INFORMATION PROVIDED ::
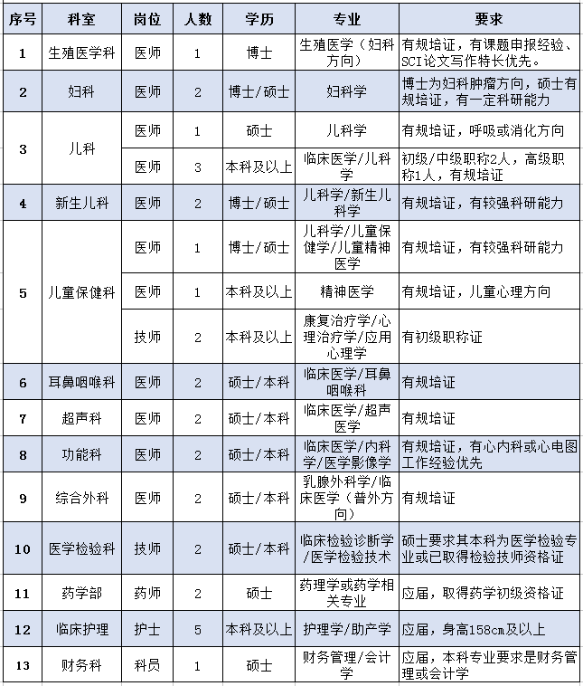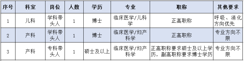 (4)其他情况,年龄要求:初级职称不超过30岁、中级职称不超过35岁、副高职称不超过45岁,正高职称不超过50岁;医师岗位要求四证齐全,即毕业证、学位证、医师资格证、规培证齐全。
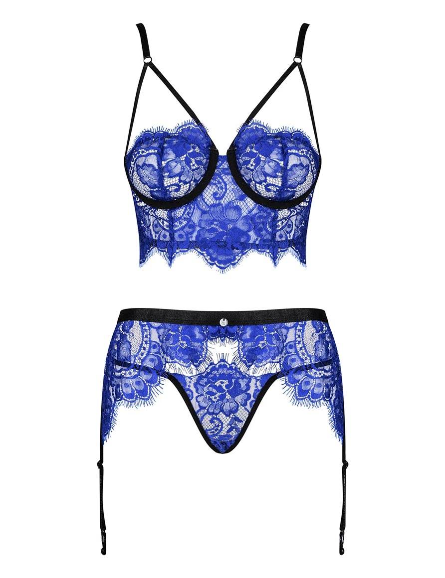 Бюст с мягкими чашками на каркасах, подчеркивает естественную форму груди, бретели регулируются по длине, на спине многоступенчатая застежка на крючки. Элегантный пояс с несъемными регулируемыми пажами для чулок, фиксируется застежкой. Трусики стринги с узкими боковинками из эластичных союзок.
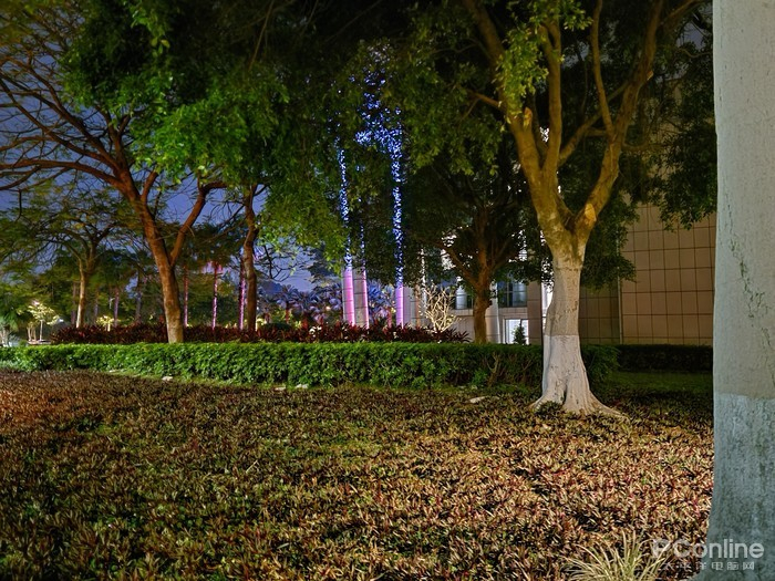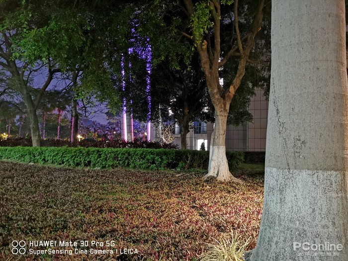 给华为和三星开启超级夜景模式之后,开始神仙打架了。两者的画面亮度相当,观感都十分好,但三星Galaxy S20 Ultra无疑有着更好的暗部细节,画面中心的远处树叶还有很高的可见度,左边更远处的几棵树同样如此。
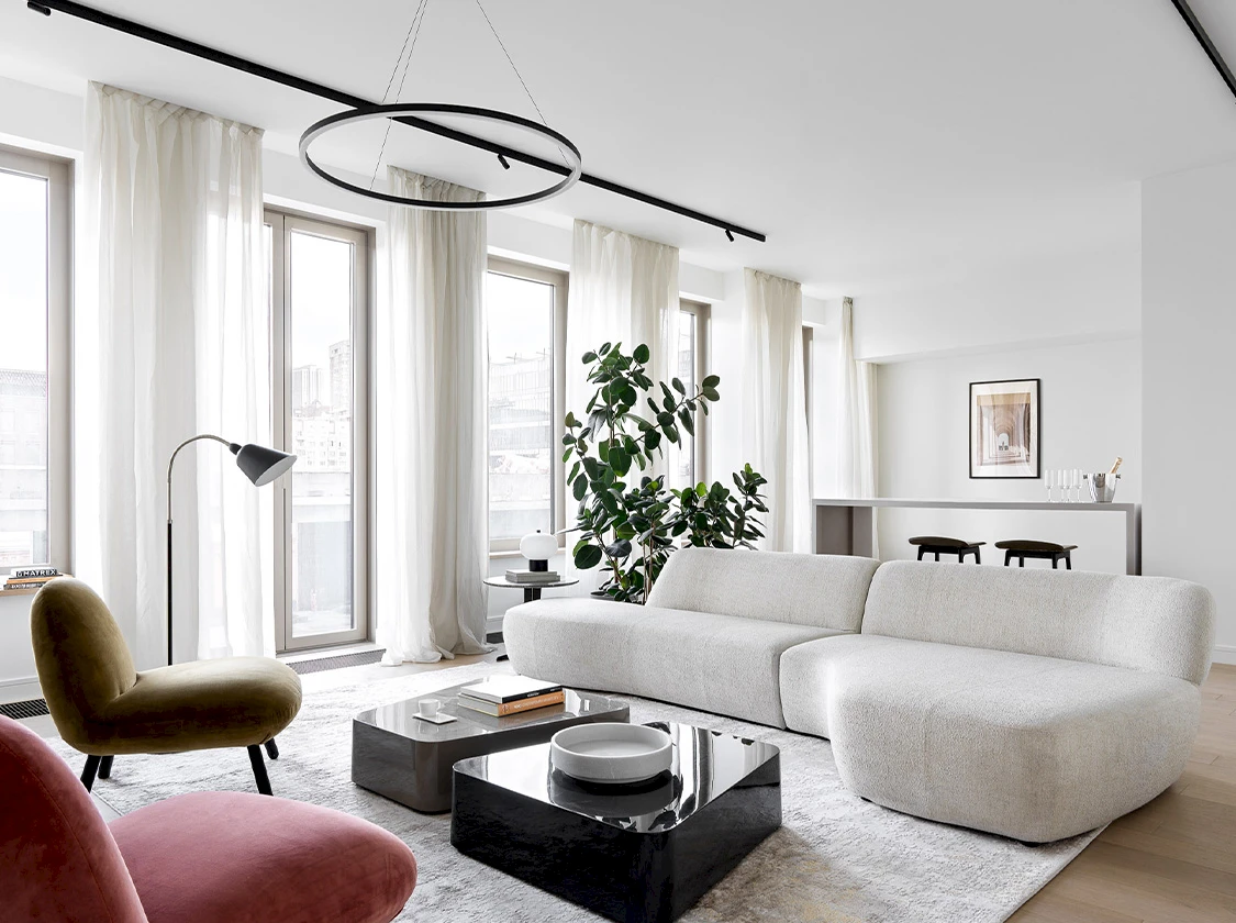 综合体提供多种户型的公寓,注重功能性和舒适性。宽敞的客厅、主卧室及合理划分的功能区域为生活提供便利。室内采用优质材料和设计方案,兼具美感与舒适度;大窗户和高挑的天花板增强了采光和空间感。
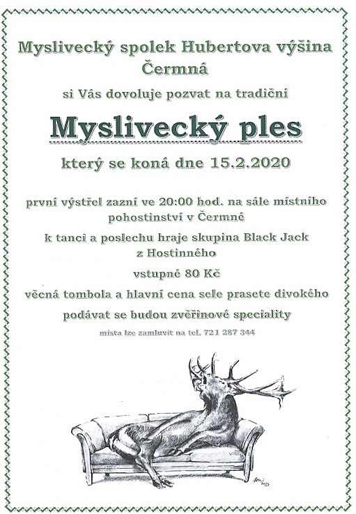 Myslivecký spolek Hubertova výšina Čermná si Vás dovoluje pozvat na tradiční myslivecký ples, který se koná v sobotu 15. 2. 2020 od 20:00 hodin na sále místního pohostinství v Čermné.

PROBLEM TO SOLVE :: Pictures are skipped here. Print exactly, and only, the lines from the one holding "Бюст с мягкими" through the final line of the material above, both ends included.

RESPONSE TO THIS EXERCISE ::
 Бюст с мягкими чашками на каркасах, подчеркивает естественную форму груди, бретели регулируются по длине, на спине многоступенчатая застежка на крючки. Элегантный пояс с несъемными регулируемыми пажами для чулок, фиксируется застежкой. Трусики стринги с узкими боковинками из эластичных союзок.
 给华为和三星开启超级夜景模式之后,开始神仙打架了。两者的画面亮度相当,观感都十分好,但三星Galaxy S20 Ultra无疑有着更好的暗部细节,画面中心的远处树叶还有很高的可见度,左边更远处的几棵树同样如此。
 综合体提供多种户型的公寓,注重功能性和舒适性。宽敞的客厅、主卧室及合理划分的功能区域为生活提供便利。室内采用优质材料和设计方案,兼具美感与舒适度;大窗户和高挑的天花板增强了采光和空间感。
 Myslivecký spolek Hubertova výšina Čermná si Vás dovoluje pozvat na tradiční myslivecký ples, který se koná v sobotu 15. 2. 2020 od 20:00 hodin na sále místního pohostinství v Čermné.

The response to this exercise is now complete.